My feeling was that, as drafted, Clause 88 does not cover the ground properly, and that the inclusion of the requirement in this amendment—that consideration should be given to what provisions can be made for the “offender to desist” from crime in the future—would give the clause a necessary balance; a phrase that the noble and learned Lord used. The clause’s emphasis is very much on finding the victim’s views, which is entirely appropriate but limited in scope.

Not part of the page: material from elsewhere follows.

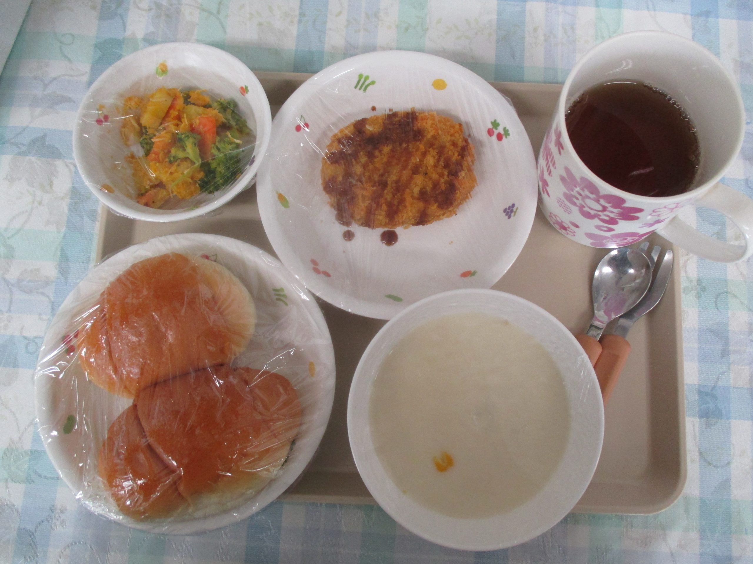 バターロール,コロッケ,蒸し野菜とチキンのサラダ,豆乳コーンスープ(コーン・玉ねぎ)

It is of course relevant to remember that, very often, one of the strongest views that victims have is that no one else should have to suffer what they have and that something should be done to make sure that the person who has done it does not do anything like that again and cause that sort of harm in the future. So these two things are not in opposition to each other: it is a complementary requirement for the clause to include a direct reference to measures to try to make it possible for the individual to desist from crime. There is a wide range of measures, but, in the context of this clause, the right reverend Prelate mentioned drugs and drug treatment. Of course, alcohol is also a very significant factor in many of the sorts of crimes that we are talking about.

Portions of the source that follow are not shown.